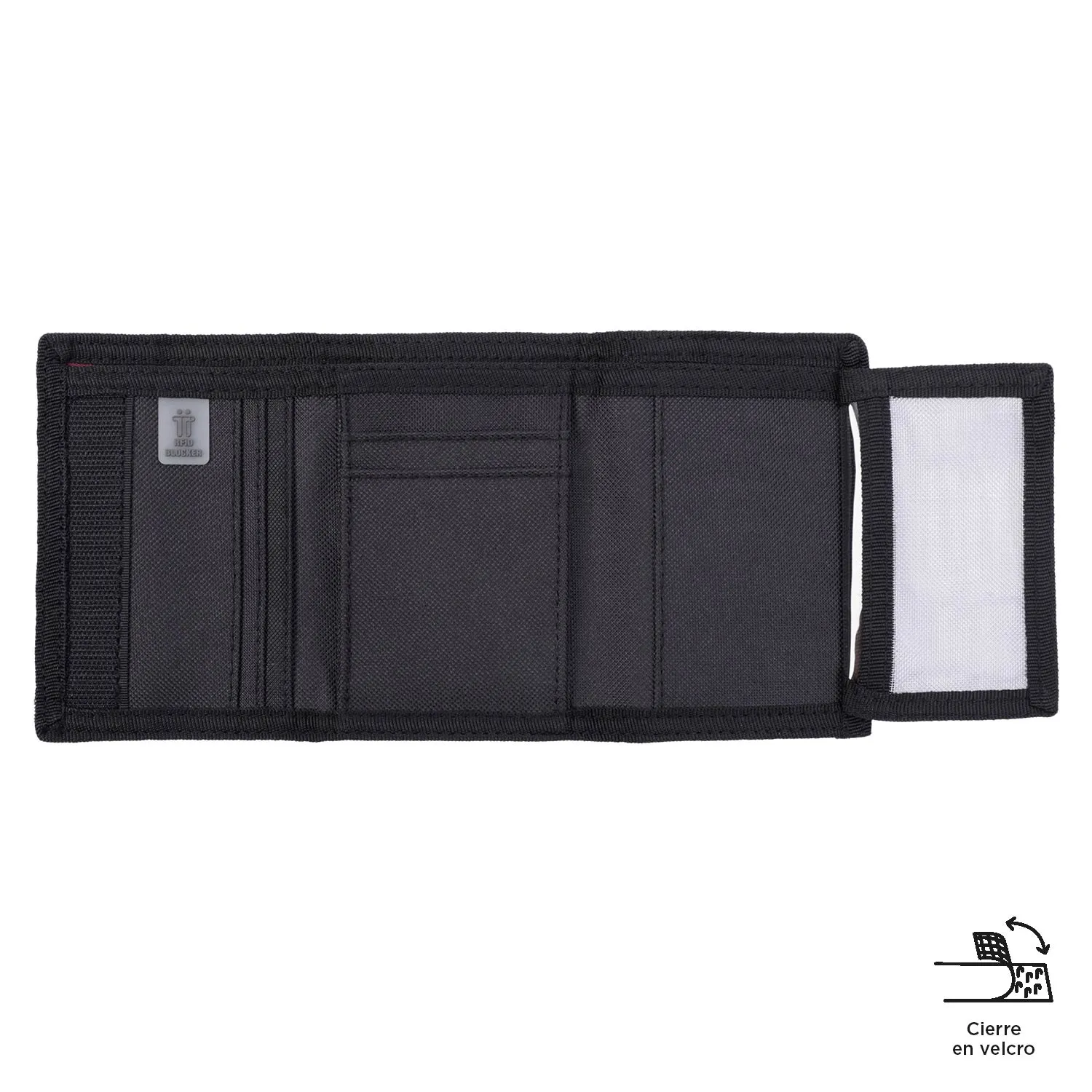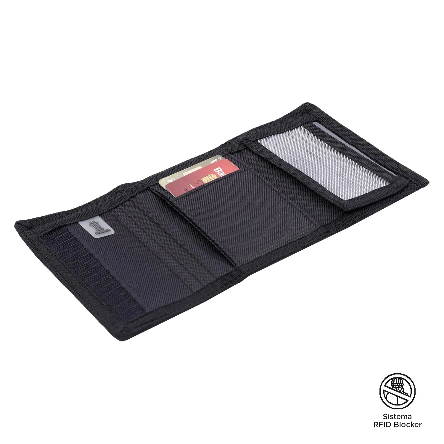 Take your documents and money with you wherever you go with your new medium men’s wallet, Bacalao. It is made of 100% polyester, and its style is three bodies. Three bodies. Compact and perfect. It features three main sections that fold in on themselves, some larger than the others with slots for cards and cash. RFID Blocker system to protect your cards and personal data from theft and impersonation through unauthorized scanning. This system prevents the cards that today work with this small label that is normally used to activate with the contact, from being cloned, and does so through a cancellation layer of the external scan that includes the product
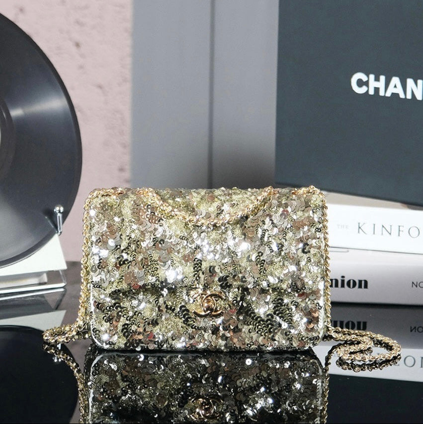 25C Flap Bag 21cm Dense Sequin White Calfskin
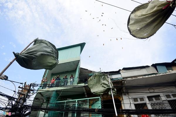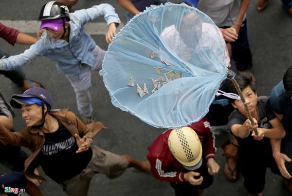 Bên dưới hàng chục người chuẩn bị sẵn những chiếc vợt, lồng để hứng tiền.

* * *

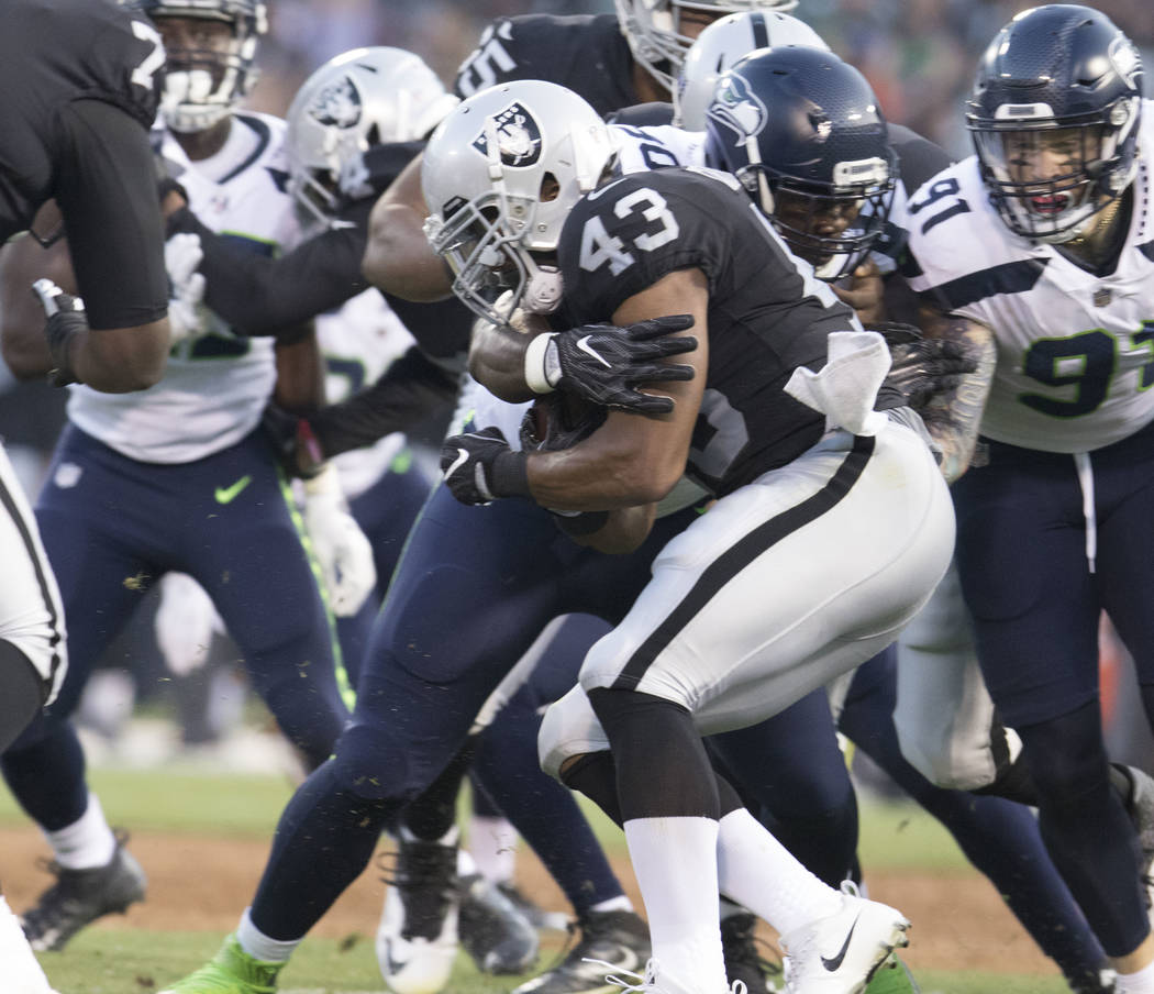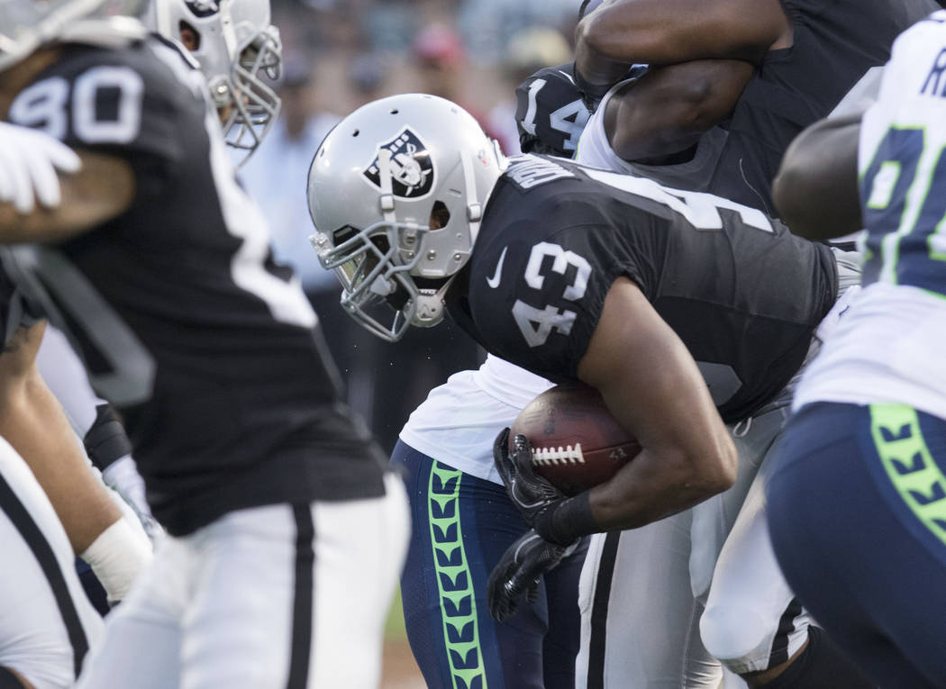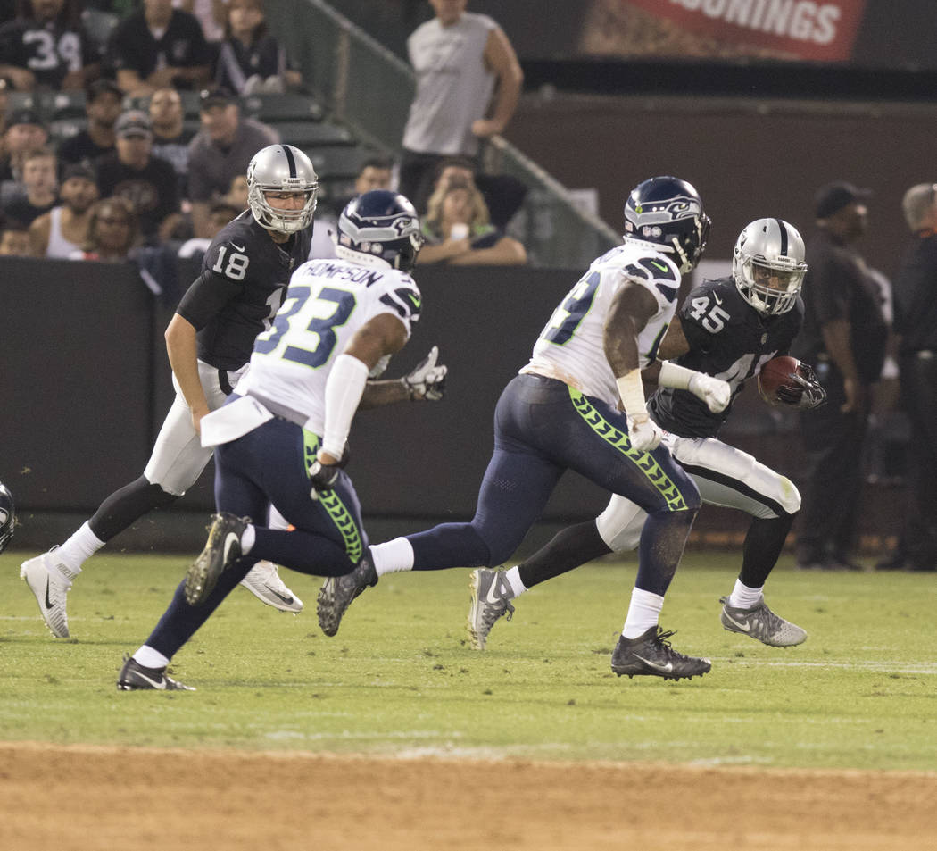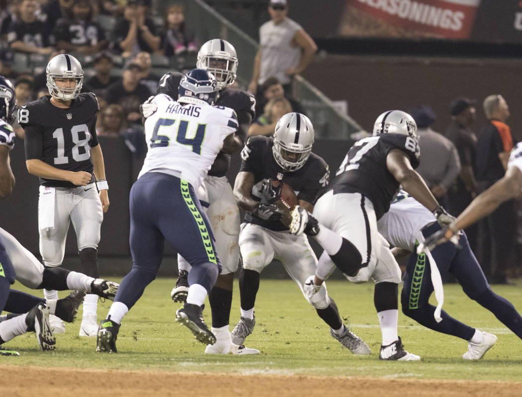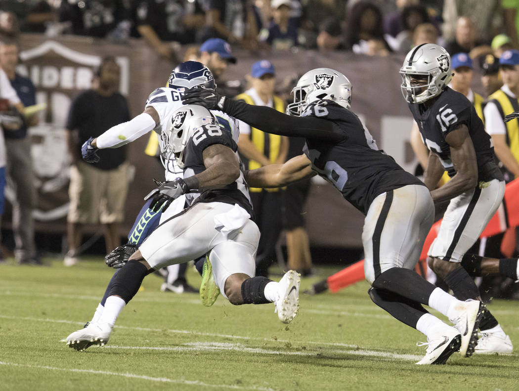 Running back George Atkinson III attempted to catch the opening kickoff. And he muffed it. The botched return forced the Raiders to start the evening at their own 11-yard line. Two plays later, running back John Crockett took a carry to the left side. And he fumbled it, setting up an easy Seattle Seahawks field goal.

=== To do ===
Beginning with the line that contains "25C Flap Bag", write out the lines of the material above exactly, and end with the line that contains "Bên dưới hàng". Omit the pictures.

=== Result of this exercise ===
 25C Flap Bag 21cm Dense Sequin White Calfskin
 Bên dưới hàng chục người chuẩn bị sẵn những chiếc vợt, lồng để hứng tiền.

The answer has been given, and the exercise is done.